Data below:
--------

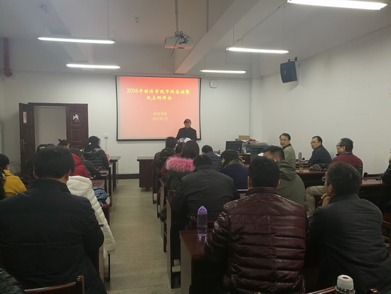 1月5日上午,太阳成集团tyc33455ccwww召开2016年度教职工大会暨领导班子述职述廉民主测评会,学院全体领导班子、全体教职工、学校采招处袁明刚处长出席会议。会议由毛长文书记主持。
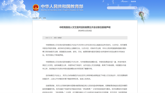 10日中欧高级别人文交流对话机制第五次会议于通过视频连线方式召开。国务院副总理孙春兰与欧盟委员会创新、研究、文化、教育和青年委员加布里埃尔共同出席,双方发表了联合新闻声明。提到“在教育领域,双方认识到新冠肺炎疫情对教育领域及其人员流动造成特殊影响,同意教育领域应在疫后恢复阶段发挥重要作用。双方回顾了中国员工学者及机构在“伊拉斯谟+”计划中的积极参与情况。双方同意依托中国政府奖学金项目、“伊拉斯谟+”计划等,在互惠的基础上扩大中欧员工学者双向交流规模。双方欢迎“中欧高等教育质量对标与学分互认项目”研究团队发布学分互认指导纲要,以促进高等教育机构的兼容性。双方支持中欧高等教育机构通过多种方式联合培养高层次人才。“
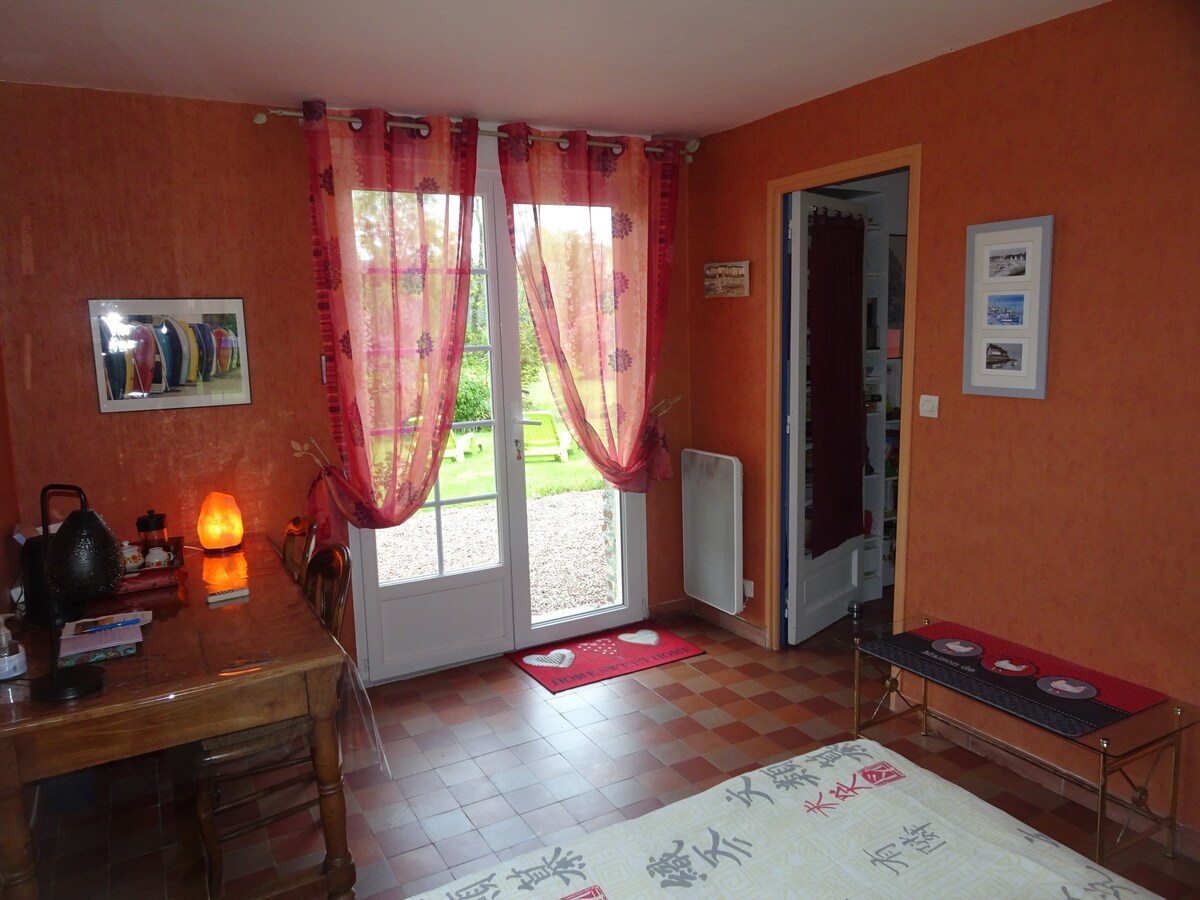 1 atypical guest room for 1 to 4 people in an old independent chalet at the bottom of the garden. Comfortable, shower, WC, TV, 1 bed for 2 people and 2 single beds. Peace and serenity . 2000m² parish priest's garden, zero pesticide for more than 30 years. Crafts on site. Breakfast included on the veranda of the house or outdoors when the weather is favorable. Possibility of table d 'hôtes by reservation. Norman meal €20. Cooking is not possible in the bed and breakfast

--------

What the task requires: Write out the material above exactly, and omit the pictures it holds.

Task solution:
 1月5日上午,太阳成集团tyc33455ccwww召开2016年度教职工大会暨领导班子述职述廉民主测评会,学院全体领导班子、全体教职工、学校采招处袁明刚处长出席会议。会议由毛长文书记主持。
 10日中欧高级别人文交流对话机制第五次会议于通过视频连线方式召开。国务院副总理孙春兰与欧盟委员会创新、研究、文化、教育和青年委员加布里埃尔共同出席,双方发表了联合新闻声明。提到“在教育领域,双方认识到新冠肺炎疫情对教育领域及其人员流动造成特殊影响,同意教育领域应在疫后恢复阶段发挥重要作用。双方回顾了中国员工学者及机构在“伊拉斯谟+”计划中的积极参与情况。双方同意依托中国政府奖学金项目、“伊拉斯谟+”计划等,在互惠的基础上扩大中欧员工学者双向交流规模。双方欢迎“中欧高等教育质量对标与学分互认项目”研究团队发布学分互认指导纲要,以促进高等教育机构的兼容性。双方支持中欧高等教育机构通过多种方式联合培养高层次人才。“
 1 atypical guest room for 1 to 4 people in an old independent chalet at the bottom of the garden. Comfortable, shower, WC, TV, 1 bed for 2 people and 2 single beds. Peace and serenity . 2000m² parish priest's garden, zero pesticide for more than 30 years. Crafts on site. Breakfast included on the veranda of the house or outdoors when the weather is favorable. Possibility of table d 'hôtes by reservation. Norman meal €20. Cooking is not possible in the bed and breakfast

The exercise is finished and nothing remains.